-- Excerpted records follows --

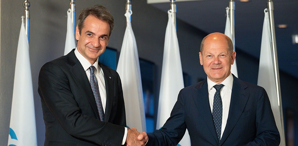 Πρόκειται για τη δεύτερη συνάντηση Μητσοτάκη-Σολτς μέσα σε 15 ημέρες.
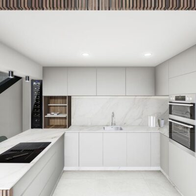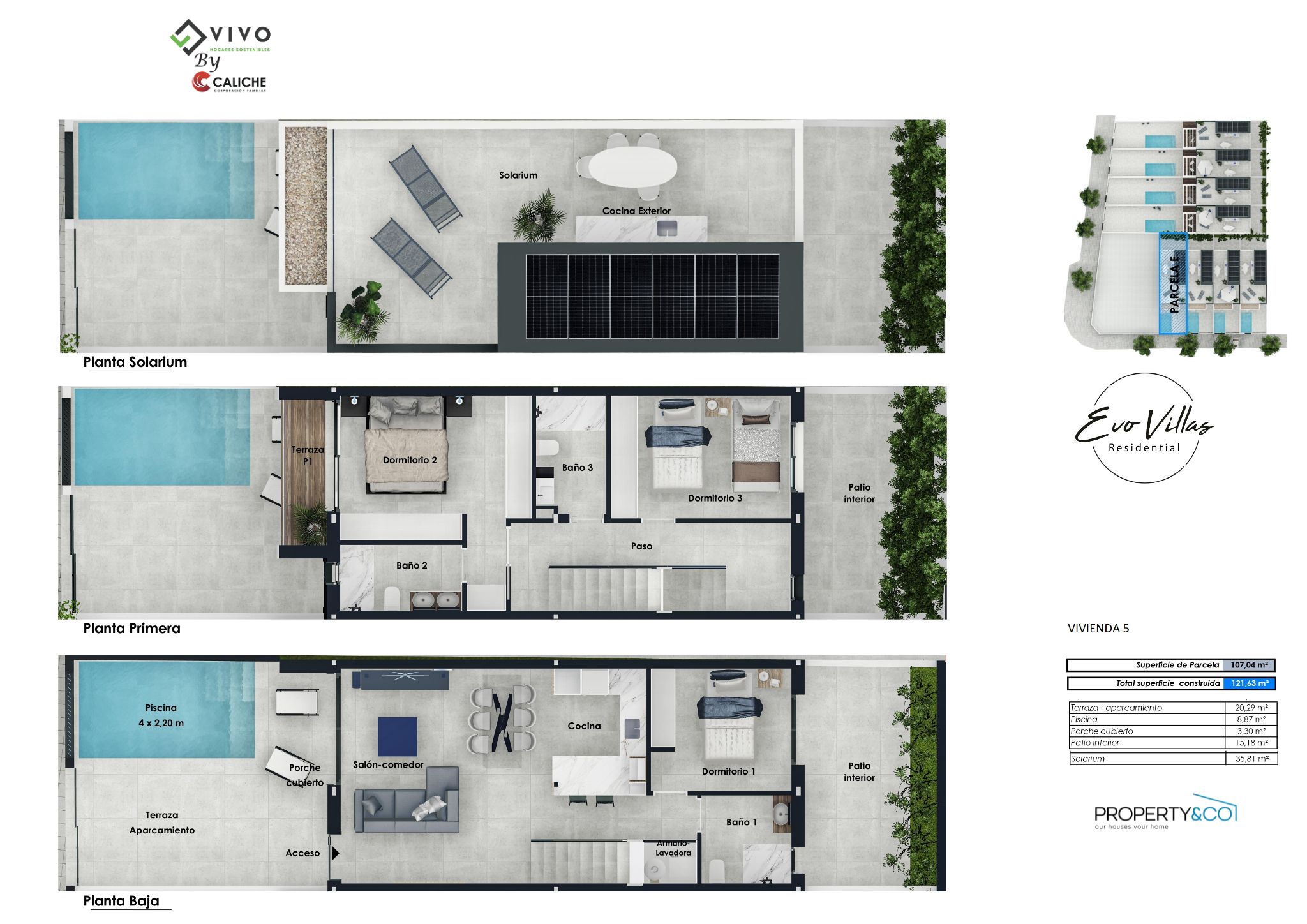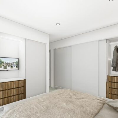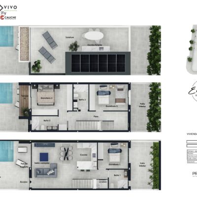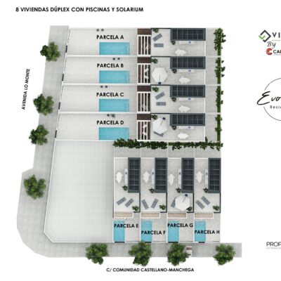 These villas have a good sized garden with private pool and space to park your car. On entering the property you will find the open plan lounge kitchen diner which has patio doors to the garden. There is a downstairs bedroom with fitted wardrobes and patio doors to the rear patio courtyard, a downstairs bathroom and a separate utility room for the aerothermal 100L boiler and washing machine. Upstairs there are two further double bedrooms with fitted wardrobes, a family bathroom and the master bedroom has its own ensuite bathroom and patio doors to another terrace. Up a further flight of stairs is the roof solarium that has a summer kitchen and 6 solar panels. These properties come with white goods except the washing machine, LED lights, preinstallation of vented AC and a home automaton system that controls the motorized blinds, the pool filtration system, outdoor lights and climate control.
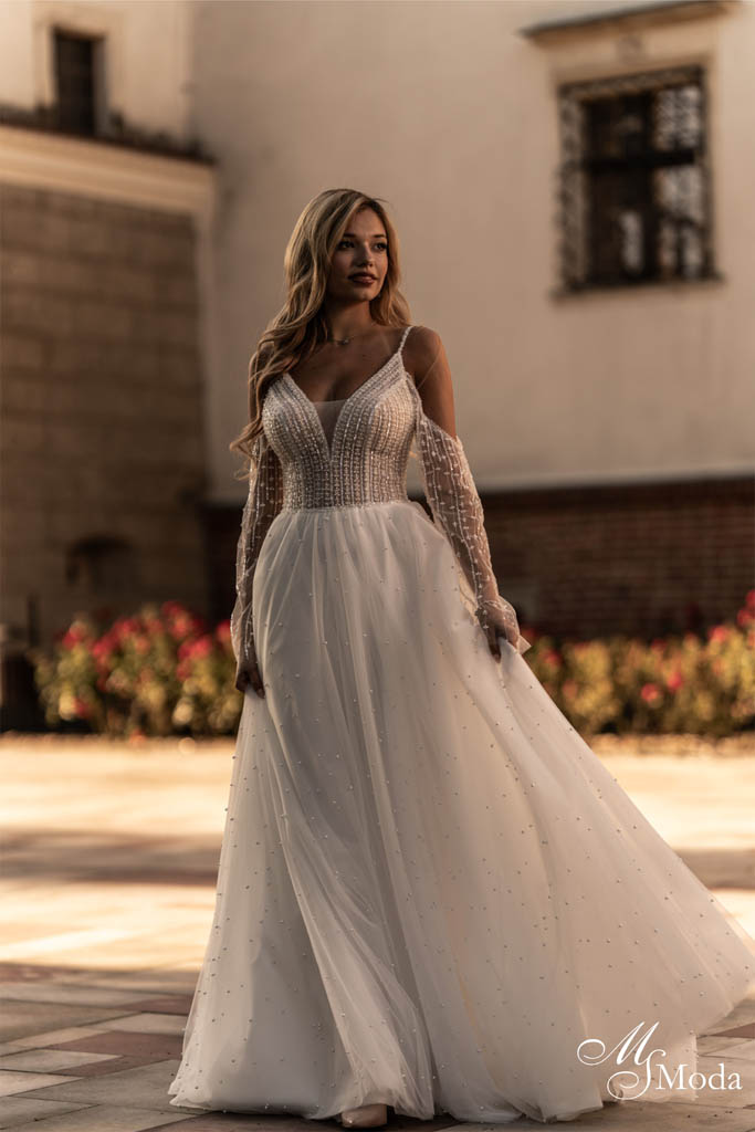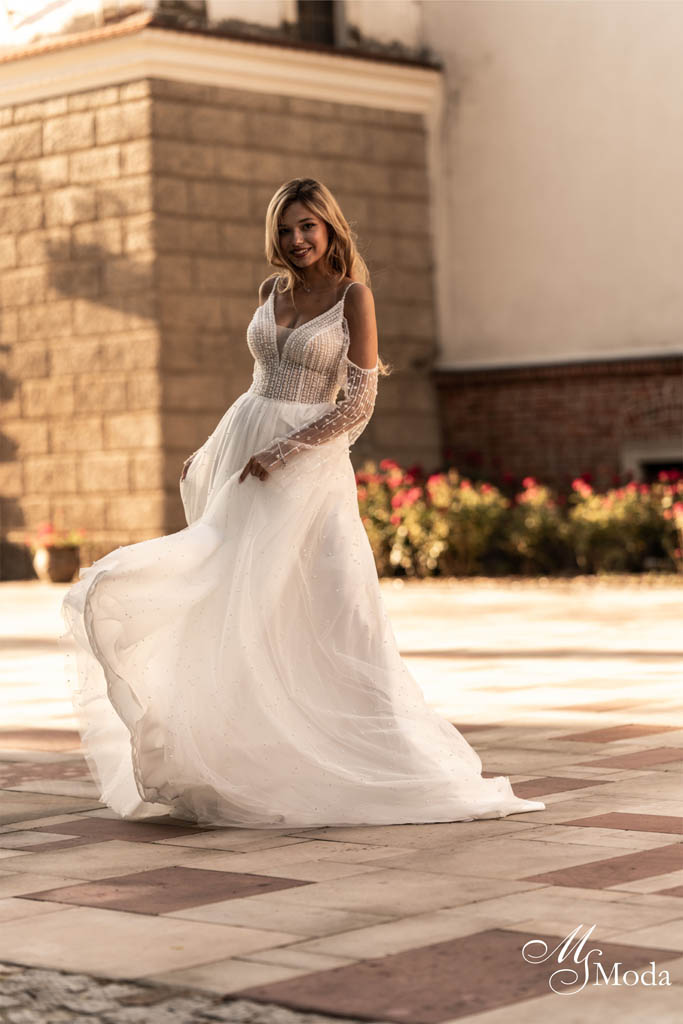 Découvrez le modèle Giuliana, un modèle d’exception signé MS Moda. Issu de notre collection 2026, il marie savoir-faire artisanal et détails raffinés pour sublimer chaque silhouette.
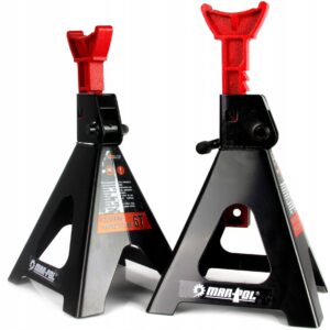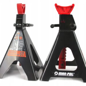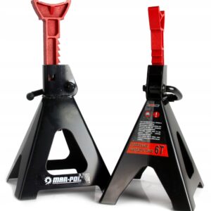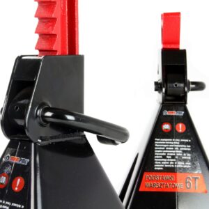 Podstawki zapewniają bezpieczne i stabilne podparcie auta na specjalnie wyprofilowanych siodełkach. Dźwignia blokująca skutecznie zabezpiecza kolumny podpór w wybranym położeniu. Wykonane są z wytrzymałej stali i charakteryzują się solidną, spawaną konstrukcją. Nogi podstawek posiadają przyspawane, szerokie stopki, stabilizujące kobyłki w trakcie pracy pod obciążeniem.
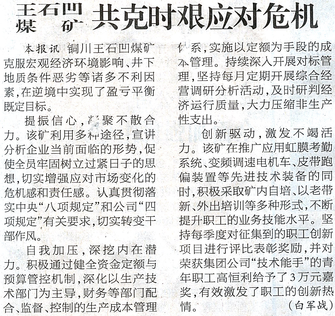 ●6月18日“陜西工人報”煤業(yè)二版刊發(fā)《王石凹煤礦共克時艱應對危機 》

-- Excerpted records concluded --

> Required action
Repeat, exactly and in full, all the material above except its pictures.

> Result of this task
 Πρόκειται για τη δεύτερη συνάντηση Μητσοτάκη-Σολτς μέσα σε 15 ημέρες.
 These villas have a good sized garden with private pool and space to park your car. On entering the property you will find the open plan lounge kitchen diner which has patio doors to the garden. There is a downstairs bedroom with fitted wardrobes and patio doors to the rear patio courtyard, a downstairs bathroom and a separate utility room for the aerothermal 100L boiler and washing machine. Upstairs there are two further double bedrooms with fitted wardrobes, a family bathroom and the master bedroom has its own ensuite bathroom and patio doors to another terrace. Up a further flight of stairs is the roof solarium that has a summer kitchen and 6 solar panels. These properties come with white goods except the washing machine, LED lights, preinstallation of vented AC and a home automaton system that controls the motorized blinds, the pool filtration system, outdoor lights and climate control.
 Découvrez le modèle Giuliana, un modèle d’exception signé MS Moda. Issu de notre collection 2026, il marie savoir-faire artisanal et détails raffinés pour sublimer chaque silhouette.
 Podstawki zapewniają bezpieczne i stabilne podparcie auta na specjalnie wyprofilowanych siodełkach. Dźwignia blokująca skutecznie zabezpiecza kolumny podpór w wybranym położeniu. Wykonane są z wytrzymałej stali i charakteryzują się solidną, spawaną konstrukcją. Nogi podstawek posiadają przyspawane, szerokie stopki, stabilizujące kobyłki w trakcie pracy pod obciążeniem.
 ●6月18日“陜西工人報”煤業(yè)二版刊發(fā)《王石凹煤礦共克時艱應對危機 》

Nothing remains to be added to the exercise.